== Records supplied ==

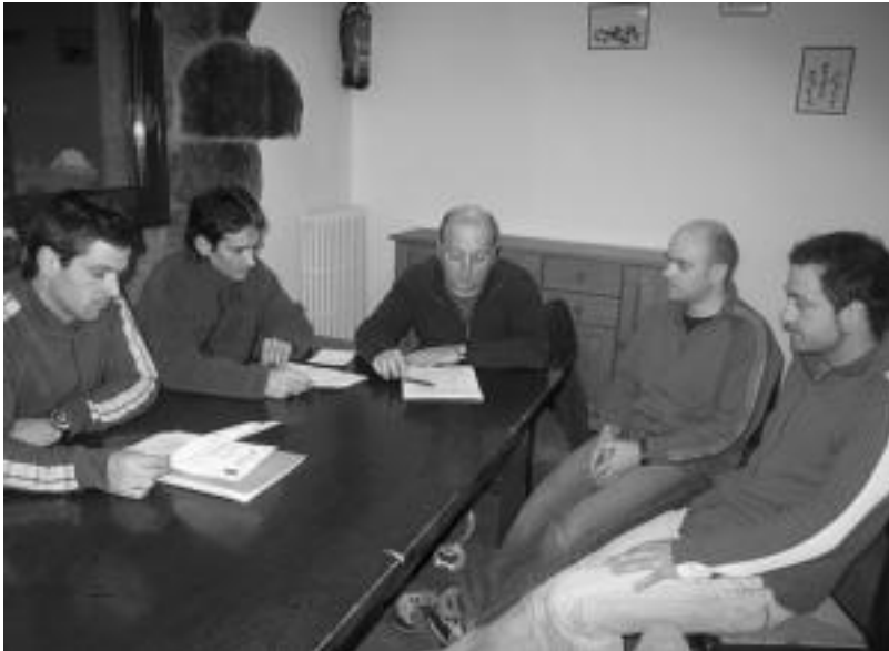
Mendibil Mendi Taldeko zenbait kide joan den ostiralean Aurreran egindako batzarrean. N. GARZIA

===
== Records supplied ==

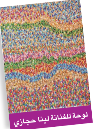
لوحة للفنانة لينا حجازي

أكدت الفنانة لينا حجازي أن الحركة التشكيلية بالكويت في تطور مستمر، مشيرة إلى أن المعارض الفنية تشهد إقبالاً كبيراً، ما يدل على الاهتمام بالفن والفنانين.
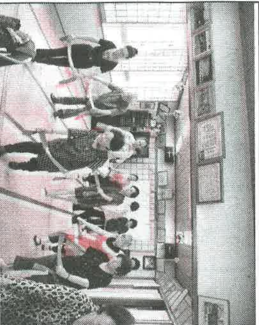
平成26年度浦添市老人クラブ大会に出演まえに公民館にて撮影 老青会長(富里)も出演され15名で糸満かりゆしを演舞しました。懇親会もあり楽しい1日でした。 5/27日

===
== Records supplied ==

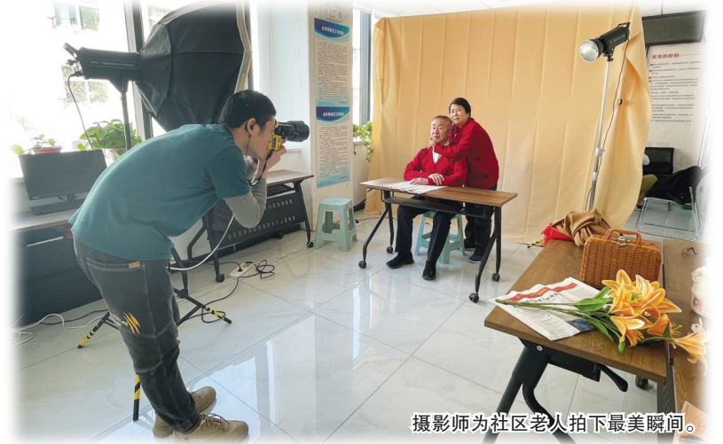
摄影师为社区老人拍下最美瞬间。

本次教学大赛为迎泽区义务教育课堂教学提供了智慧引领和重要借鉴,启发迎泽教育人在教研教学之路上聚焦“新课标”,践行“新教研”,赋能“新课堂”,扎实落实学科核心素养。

===

Your answer is a single number: how many lines in the listing above hold "لينا"?

--- Result for this task ---
2